Kepala Badan Pusat Statistik (BPS) Jawa Timur Zulkipli dalam konferensi pers di Surabaya, Senin (2/6/2025).
SURABAYA (wartadigital.id) – Nilai impor Jawa Timur periode Januari-April 2025 naik 1,61 persen dibanding periode sama tahun lalu yaitu dari 9,53 miliar dolar AS menjadi 9,68 miliar dolar AS.
“Peningkatan nilai impor ini dipicu oleh meningkatnya kinerja impor sektor nonmigas yang naik sebesar 10,33 persen dari 7,21 miliar dolar AS menjadi 7,96 miliar dolar AS,” kata Kepala Badan Pusat Statistik (BPS) Jawa Timur Zulkipli dalam konferensi pers di Surabaya, Senin (2/6/2025).
Dari sepuluh komoditas dengan nilai impor nonmigas terbesar Januari-April 2025, komoditas yang mengalami peningkatan terbesar adalah perhiasan/permata meningkat 530,78 juta dolar AS atau naik mencapai 337,22 persen (year-on-year/yoy).
Sementara yang mengalami penurunan terbesar adalah serealia yakni turun mencapai 439,52 juta dolar AS atau turun 53,05 persen dibandingkan periode sama 2024. Menurut golongan penggunaan barang, impor bahan baku/penolong selama Januari-April 2025 mencapai 7,92 miliar dolar AS atau naik 1,94 persen dibanding periode sama 2024.
Untuk impor barang modal mencapai 723,42 juta dolar AS atau naik 14,16 persen dan impor bahan konsumsi mencapai 1,04 miliar dolar AS atau turun 7,64 persen dan dibandingkan periode sama 2024.

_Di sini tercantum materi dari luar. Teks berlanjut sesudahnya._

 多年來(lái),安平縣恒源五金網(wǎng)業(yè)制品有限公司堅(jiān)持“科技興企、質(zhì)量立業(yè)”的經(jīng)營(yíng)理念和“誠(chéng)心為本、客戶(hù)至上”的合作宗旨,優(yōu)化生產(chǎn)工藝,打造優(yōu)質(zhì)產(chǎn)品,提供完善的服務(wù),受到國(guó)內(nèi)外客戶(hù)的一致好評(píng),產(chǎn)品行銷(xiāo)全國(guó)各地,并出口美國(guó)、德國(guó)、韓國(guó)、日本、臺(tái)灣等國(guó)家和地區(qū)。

Di sisi lain, impor migas mengalami penurunan sebesar 25,56 persen dari 2,31 miliar dolar AS menjadi 1,72 miliar dolar AS yang disebabkan oleh menurunnya impor minyak mentah sebesar 34,23 persen menjadi 203,47 juta dolar AS.

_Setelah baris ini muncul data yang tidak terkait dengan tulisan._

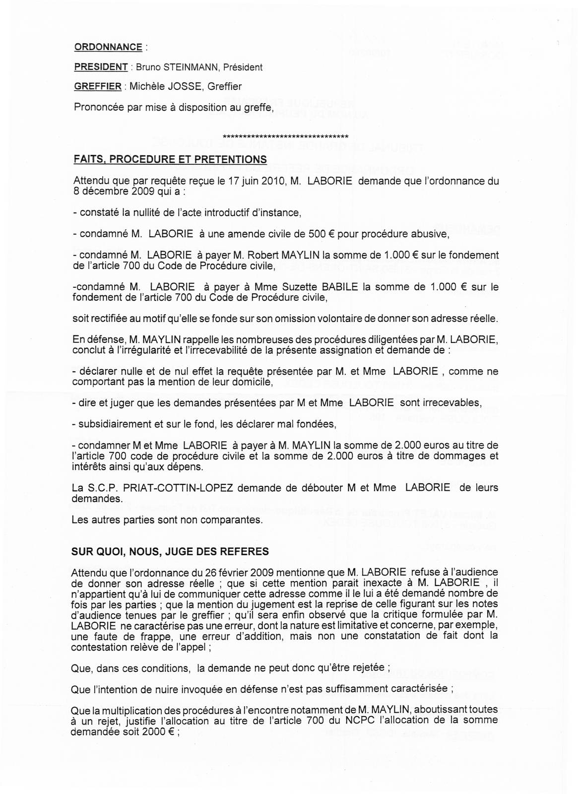 MONSIEUR STEINMANN REND UNE DECISION SUR UNE FAUSSES SITUATION JURIDIQUE.

Impor migas Jatim hingga April juga turun karena dipicu oleh impor hasil minyak turun 29,97 persen menjadi 1,13 miliar dolar AS dan impor gas yang turun 0,40 persen menjadi 388,47 juta dolar AS.

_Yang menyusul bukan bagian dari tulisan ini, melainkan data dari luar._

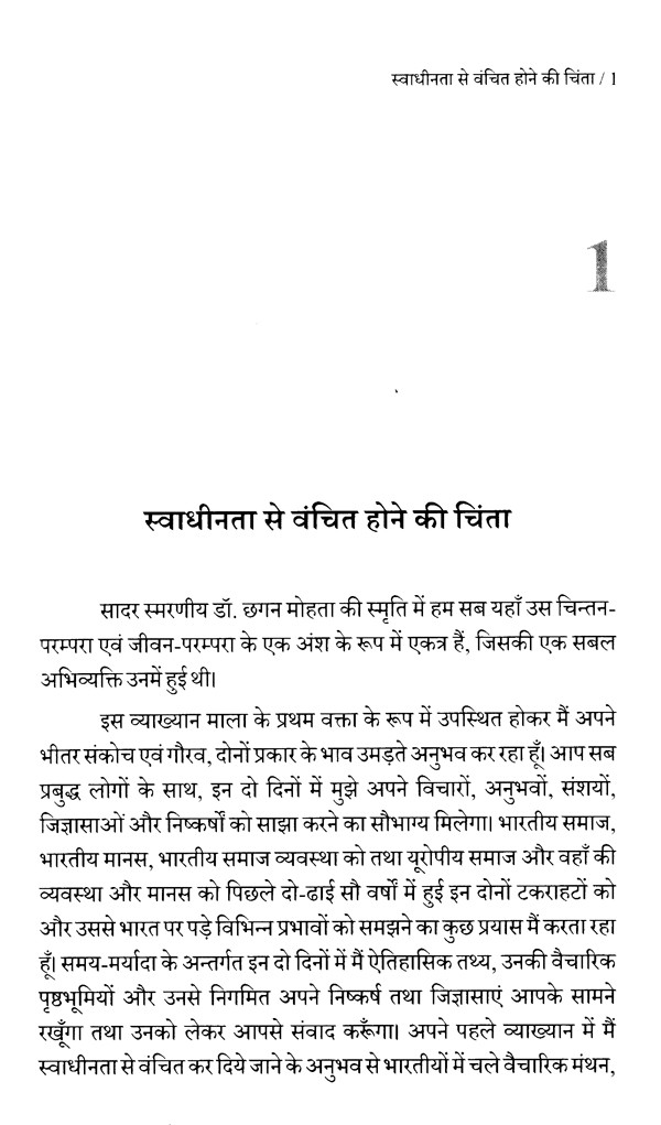 मानव जाति की विविध सभ्यताएँ रही हैं। इनके इतिहास और स्वरूप पर अनुसंधान का कार्य लगातार चलता रहता है। मुख्यतः तो हर समाज अपनी सभ्यता की स्मृति अपने ढंग से जीवंत रखता है और यह स्मृति ही संस्कार, संकल्प, प्रेम तथा श्रेय के रूपों में आकांक्षा और सर्जना के विविध पुरुषार्थों का आधार बनती है। इस स्मृति का बने रहना ही किसी विचार और व्यवहार को अधिप्रमाणित करता है। स्मृतिरहित कथन या चिन्तन, अधिप्रमाण्यरहित कथन या चिन्तन हो जाता है। उसका वास्तविक बल रह नहीं जाता। भारत को अब अपनी पुनर्योजना, सांस्कृतिक राजनीति को आगे रखकर, करनी होगी। इस पुनर्योजना में अर्थशास्त्र नियामक सिद्धान्त कदापि नहीं हो सकता। प्रत्येक सभ्यता में विविध अवधारणाओं की एक क्रम-व्यवस्था रहती है। किन्तु अर्थशास्त्र किसी भी सभ्यता में प्रमुख नहीं होता। अपनी सभ्यता से कटे हुए और यूरोपीय सभ्यता के मर्म से अनजान तथा उसके प्रति दास्य-भाव से भरे भारतीय शासक वर्ग को ही अर्थशास्त्र प्रमुख दीखता है। यूरोपीय शासक वर्ग तो हमें अपनी सभ्यता का मानवीय संसाधन मानकर हमारे लिए अर्थशास्त्र को प्रमुख मानता है। अब हमें अवधारणाओं के प्रधान गौण-क्रम का यह उलट बोध फिर से व्यवस्थित करना होगा, उसे सही क्रम में समझना और रखना होगा।"

Sementara itu apabila dilihat menurut negara asal barang impor nonmigas, Tiongkok masih mencatatkan dirinya sebagai negara asal barang yang masuk Jawa Timur dan yang terbesar selama Januari-April 2025 dengan peranan sebesar 33 persen. Disusul berikutnya dari Amerika Serikat dan Thailand yang memberikan kontribusi pada impor nonmigas masing-masing sebesar 5,46 persen dan 4,88 persen.
Nilai impor nonmigas dari Tiongkok sepanjang Januari-April 2025 mencapai 2,63 miliar dolar AS, diikuti Amerika Serikat sebesar 434,33 juta dolar AS, dan dan Thailand sebesar 388,27 juta dolar AS.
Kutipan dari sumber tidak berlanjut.